Currently, I have the following function implemented for getting the gradient norm for algorithms like SGA and Consensus Optimization:

def hamiltonian_loss(d_x: Tensor, d_z: Tensor, gan: GAN):
    """
    Calculates the "hamiltonian loss" as described in "The Mechanics of n-Player Differentiable Games" (Balduzzi et al
     2018), i.e. the loss function defined by 1/2 of the 2-norm of the overall gradient vector.

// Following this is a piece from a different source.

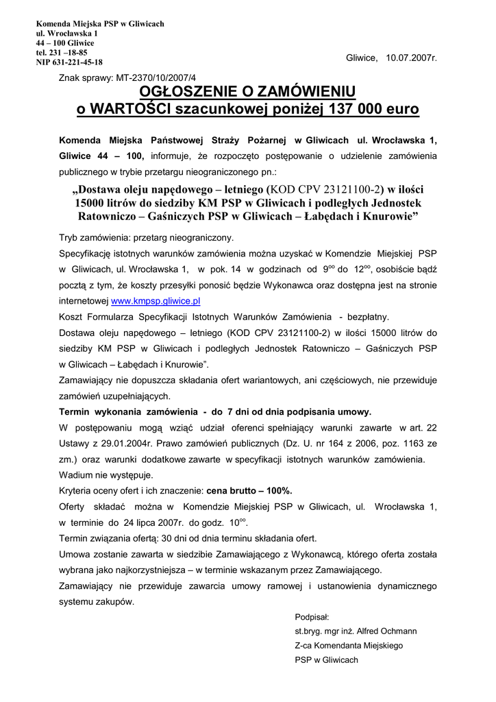 Komenda Miejska PSP w Gliwicach ul. Wrocławska 1 44 – 100 Gliwice tel. 231 –18-85 NIP 631-221-45-18 Gliwice, 10.07.2007r. Znak sprawy: MT-2370/10/2007/4 OGŁOSZENIE O ZAMÓWIENIU o WARTOŚCI szacunkowej poniżej 137 000 euro Komenda Miejska Państwowej Straży Pożarnej w Gliwicach ul. Wrocławska 1, Gliwice 44 – 100, informuje, że rozpoczęto postępowanie o udzielenie zamówienia publicznego w trybie przetargu nieograniczonego pn.: „Dostawa oleju napędowego – letniego (KOD CPV 23121100-2) w ilości 15000 litrów do siedziby KM PSP w Gliwicach i podległych Jednostek Ratowniczo – Gaśniczych PSP w Gliwicach – Łabędach i Knurowie” Tryb zamówienia: przetarg nieograniczony. Specyfikację istotnych warunków zamówienia można uzyskać w Komendzie Miejskiej PSP w Gliwicach, ul. Wrocławska 1, w pok. 14 w godzinach od 9oo do 12oo, osobiście bądź pocztą z tym, że koszty przesyłki ponosić będzie Wykonawca oraz dostępna jest na stronie internetowej www.kmpsp.gliwice.pl Koszt Formularza Specyfikacji Istotnych Warunków Zamówienia - bezpłatny. Dostawa oleju napędowego – letniego (KOD CPV 23121100-2) w ilości 15000 litrów do siedziby KM PSP w Gliwicach i podległych Jednostek Ratowniczo – Gaśniczych PSP w Gliwicach – Łabędach i Knurowie”. Zamawiający nie dopuszcza składania ofert wariantowych, ani częściowych, nie przewiduje zamówień uzupełniających. Termin wykonania zamówienia - do 7 dni od dnia podpisania umowy. W postępowaniu mogą wziąć udział oferenci spełniający warunki zawarte w art. 22 Ustawy z 29.01.2004r. Prawo zamówień publicznych (Dz. U. nr 164 z 2006, poz. 1163 ze zm.) oraz warunki dodatkowe zawarte w specyfikacji istotnych warunków zamówienia. Wadium nie występuje. Kryteria oceny ofert i ich znaczenie: cena brutto – 100%. Oferty składać można w Komendzie Miejskiej PSP w Gliwicach, ul. Wrocławska 1, w terminie do 24 lipca 2007r. do godz. 10oo. Termin związania ofertą: 30 dni od dnia terminu składania ofert. Umowa zostanie zawarta w siedzibie Zamawiającego z Wykonawcą, którego oferta została wybrana jako najkorzystniejsza – w terminie wskazanym przez Zamawiającego. Zamawiający nie przewiduje zawarcia umowy ramowej i ustanowienia dynamicznego systemu zakupów. Podpisał: st.bryg. mgr inż. Alfred Ochmann Z-ca Komendanta Miejskiego PSP w Gliwicach

    @param d_x: Discriminator evaluated at real samples
    @param d_z: Discriminator evaluated at generated samples
    @param gan: GAN module
    @return: Hamiltonian loss
    """

    # Get gradient
    g_loss_ = gan.generator_loss(d_z)
    d_loss_ = gan.discriminator_loss(d_x, d_z)

    g_grad = grad(g_loss_, gan.G.parameters(), retain_graph=True, create_graph=True)
    d_grad = grad(d_loss_, gan.D.parameters(), retain_graph=True, create_graph=True)

    gradient_vec = tr.cat([tr.flatten(w) for w in g_grad] + [tr.flatten(w) for w in d_grad])

    norm = tr.pow(tr.linalg.norm(gradient_vec), 2) / 2
    return norm

I know this involves a second backpropagation pass and is going to come with a performance hit, but currently evaluation is very, very slow (over a second per iteration).

I think the issue has to do with the list comprehension as it is the only part that is not pure pytorch code. I’ve looked at the documentation for the higher-level API beta, but it doesn’t seem like that’s what I’m looking for.

Is there a way to do this more efficiently?